> **TASK OBJECTIVE**: Only the lines below from the one containing "Colt Single Action" through the one containing "Здравствуйте.До каких пор" belong in the answer, set down exactly, with the pictures left out.

> **SUPPLIED INFORMATION**:

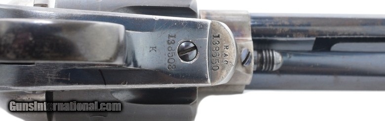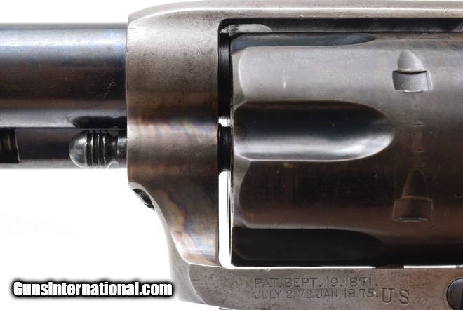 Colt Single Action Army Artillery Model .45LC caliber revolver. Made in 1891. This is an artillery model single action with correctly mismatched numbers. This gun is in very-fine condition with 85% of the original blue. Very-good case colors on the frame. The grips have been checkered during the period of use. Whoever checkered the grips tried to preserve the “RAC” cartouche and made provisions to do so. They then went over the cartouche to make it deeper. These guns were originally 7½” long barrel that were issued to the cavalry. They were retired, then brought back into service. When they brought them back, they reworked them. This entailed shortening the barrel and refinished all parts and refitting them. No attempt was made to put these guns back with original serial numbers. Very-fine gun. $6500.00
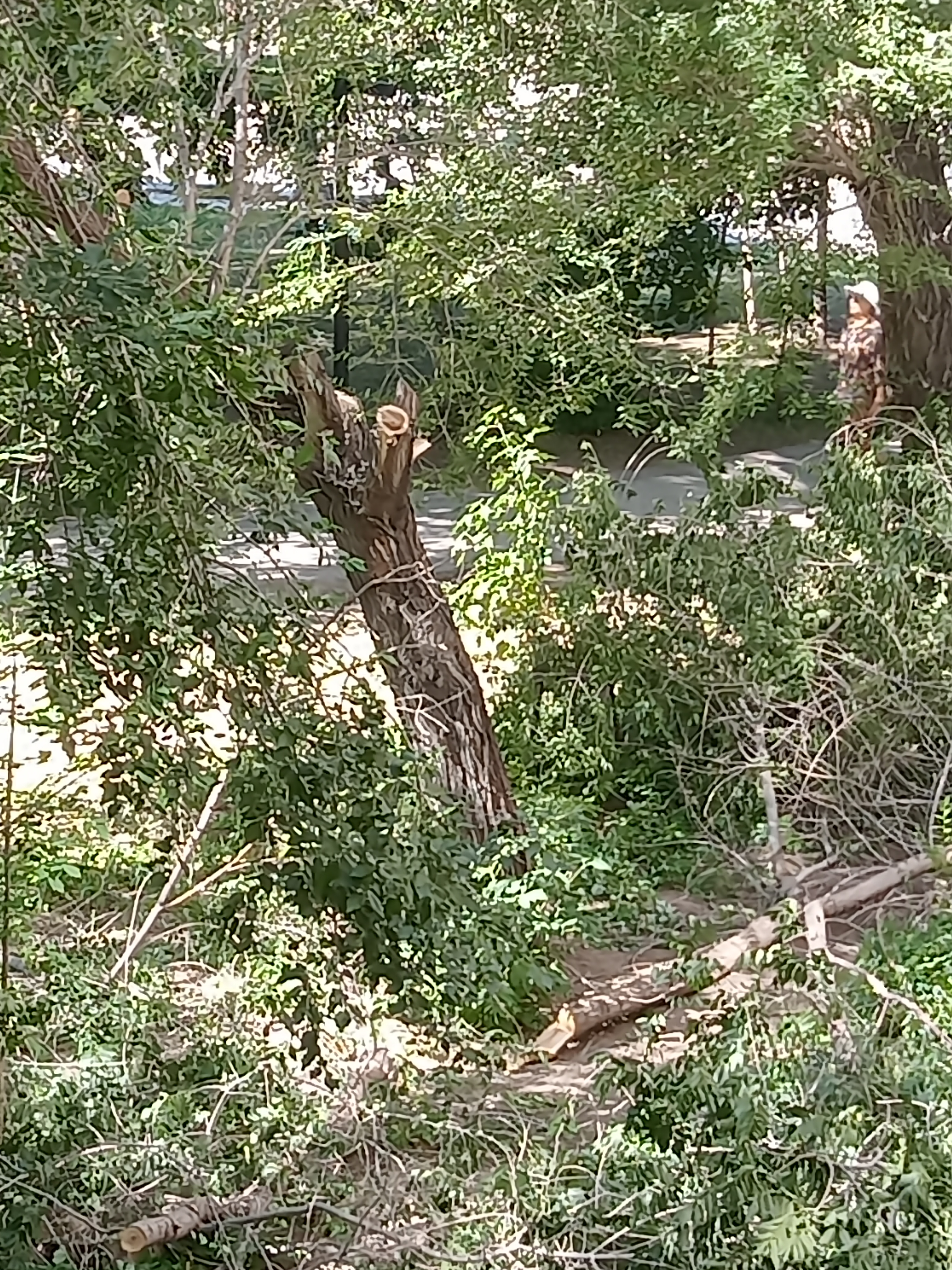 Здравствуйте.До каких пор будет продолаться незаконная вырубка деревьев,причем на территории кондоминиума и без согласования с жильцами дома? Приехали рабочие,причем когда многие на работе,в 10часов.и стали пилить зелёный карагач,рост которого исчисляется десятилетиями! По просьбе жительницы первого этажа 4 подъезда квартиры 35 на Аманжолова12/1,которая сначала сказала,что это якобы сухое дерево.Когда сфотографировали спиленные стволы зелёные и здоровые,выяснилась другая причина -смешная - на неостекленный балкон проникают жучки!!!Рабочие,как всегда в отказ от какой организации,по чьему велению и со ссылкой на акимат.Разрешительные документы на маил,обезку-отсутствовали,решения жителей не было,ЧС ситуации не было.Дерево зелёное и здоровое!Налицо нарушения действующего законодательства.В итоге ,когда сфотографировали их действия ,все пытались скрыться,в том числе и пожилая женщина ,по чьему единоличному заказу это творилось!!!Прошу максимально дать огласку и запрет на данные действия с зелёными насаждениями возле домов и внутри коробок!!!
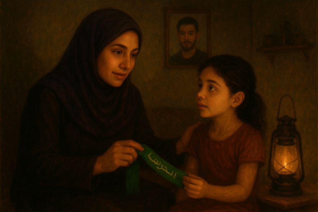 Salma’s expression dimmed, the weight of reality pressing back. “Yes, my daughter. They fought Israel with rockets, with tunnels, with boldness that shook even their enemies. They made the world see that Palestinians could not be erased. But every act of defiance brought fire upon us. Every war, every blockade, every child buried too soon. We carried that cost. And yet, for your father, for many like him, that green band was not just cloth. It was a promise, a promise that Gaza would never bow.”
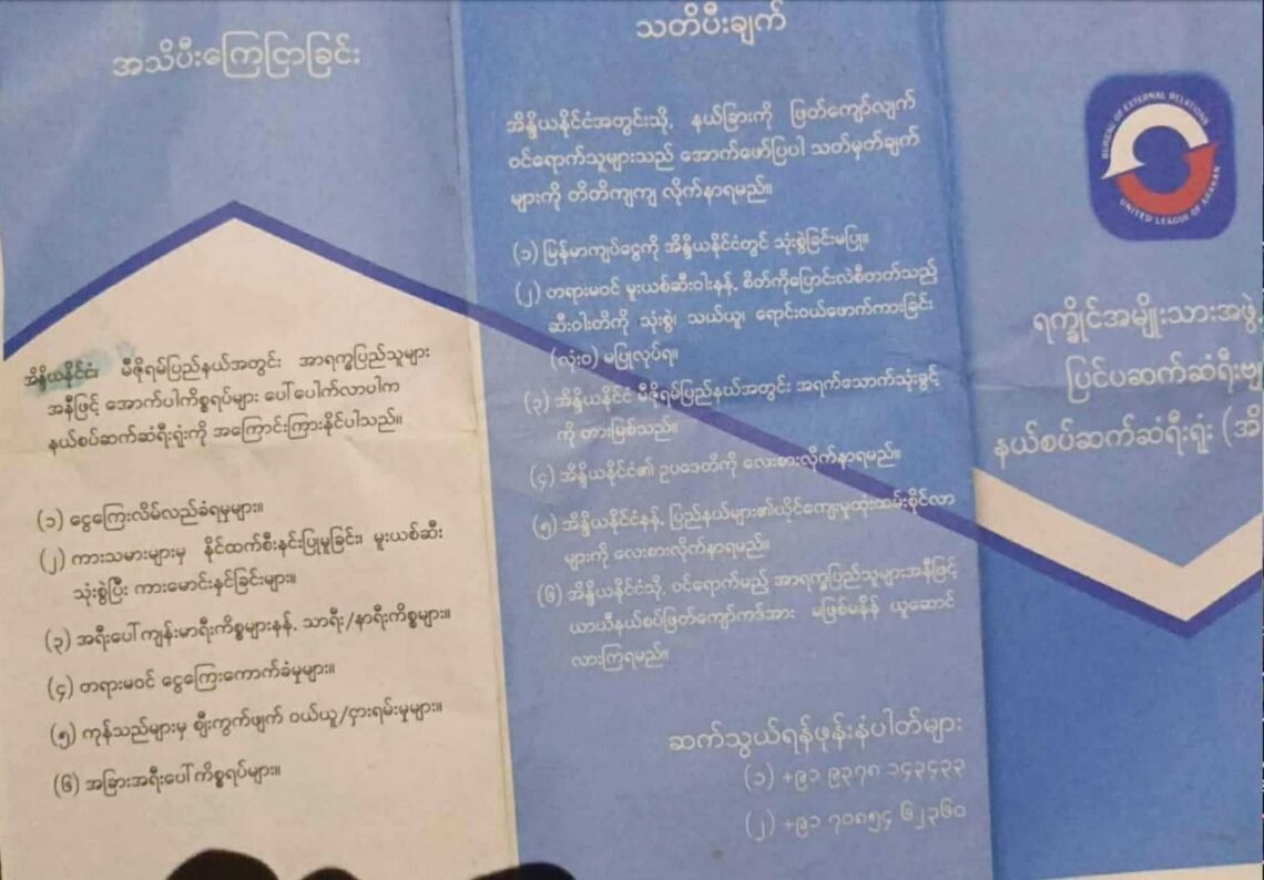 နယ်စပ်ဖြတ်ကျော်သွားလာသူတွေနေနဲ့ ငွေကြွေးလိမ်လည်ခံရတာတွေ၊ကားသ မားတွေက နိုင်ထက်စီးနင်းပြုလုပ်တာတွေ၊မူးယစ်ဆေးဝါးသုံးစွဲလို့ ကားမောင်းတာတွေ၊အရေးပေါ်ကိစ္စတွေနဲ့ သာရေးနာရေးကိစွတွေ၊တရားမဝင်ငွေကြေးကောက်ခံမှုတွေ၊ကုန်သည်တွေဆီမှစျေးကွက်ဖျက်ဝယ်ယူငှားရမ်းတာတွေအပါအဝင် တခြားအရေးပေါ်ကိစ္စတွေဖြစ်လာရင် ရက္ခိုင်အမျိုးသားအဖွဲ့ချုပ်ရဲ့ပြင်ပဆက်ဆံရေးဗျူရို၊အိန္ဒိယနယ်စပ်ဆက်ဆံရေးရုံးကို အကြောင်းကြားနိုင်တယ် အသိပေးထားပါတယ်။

==

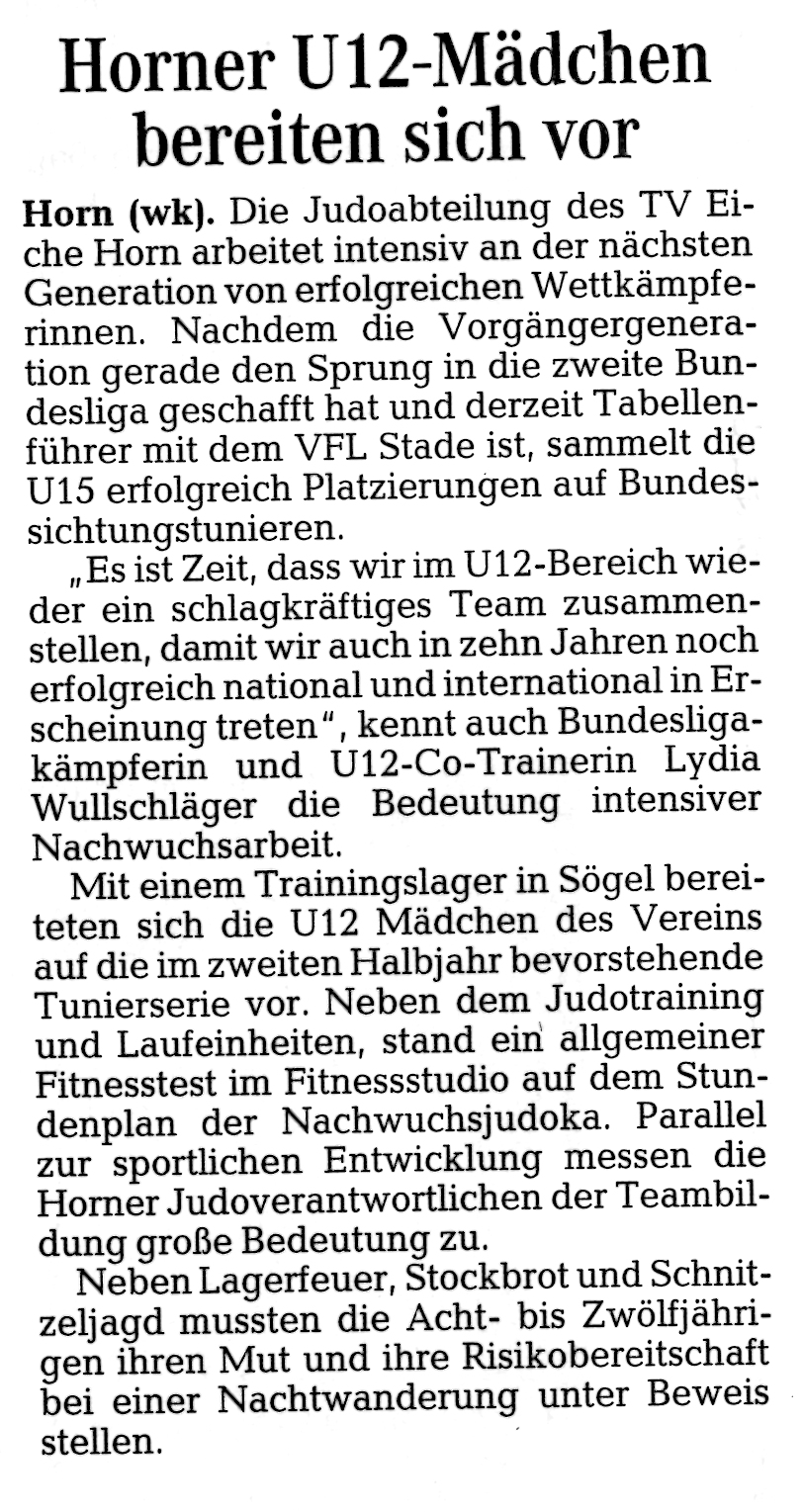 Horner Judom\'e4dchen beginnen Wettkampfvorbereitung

> **SOLVED EXERCISE**:
 Colt Single Action Army Artillery Model .45LC caliber revolver. Made in 1891. This is an artillery model single action with correctly mismatched numbers. This gun is in very-fine condition with 85% of the original blue. Very-good case colors on the frame. The grips have been checkered during the period of use. Whoever checkered the grips tried to preserve the “RAC” cartouche and made provisions to do so. They then went over the cartouche to make it deeper. These guns were originally 7½” long barrel that were issued to the cavalry. They were retired, then brought back into service. When they brought them back, they reworked them. This entailed shortening the barrel and refinished all parts and refitting them. No attempt was made to put these guns back with original serial numbers. Very-fine gun. $6500.00
 Здравствуйте.До каких пор будет продолаться незаконная вырубка деревьев,причем на территории кондоминиума и без согласования с жильцами дома? Приехали рабочие,причем когда многие на работе,в 10часов.и стали пилить зелёный карагач,рост которого исчисляется десятилетиями! По просьбе жительницы первого этажа 4 подъезда квартиры 35 на Аманжолова12/1,которая сначала сказала,что это якобы сухое дерево.Когда сфотографировали спиленные стволы зелёные и здоровые,выяснилась другая причина -смешная - на неостекленный балкон проникают жучки!!!Рабочие,как всегда в отказ от какой организации,по чьему велению и со ссылкой на акимат.Разрешительные документы на маил,обезку-отсутствовали,решения жителей не было,ЧС ситуации не было.Дерево зелёное и здоровое!Налицо нарушения действующего законодательства.В итоге ,когда сфотографировали их действия ,все пытались скрыться,в том числе и пожилая женщина ,по чьему единоличному заказу это творилось!!!Прошу максимально дать огласку и запрет на данные действия с зелёными насаждениями возле домов и внутри коробок!!!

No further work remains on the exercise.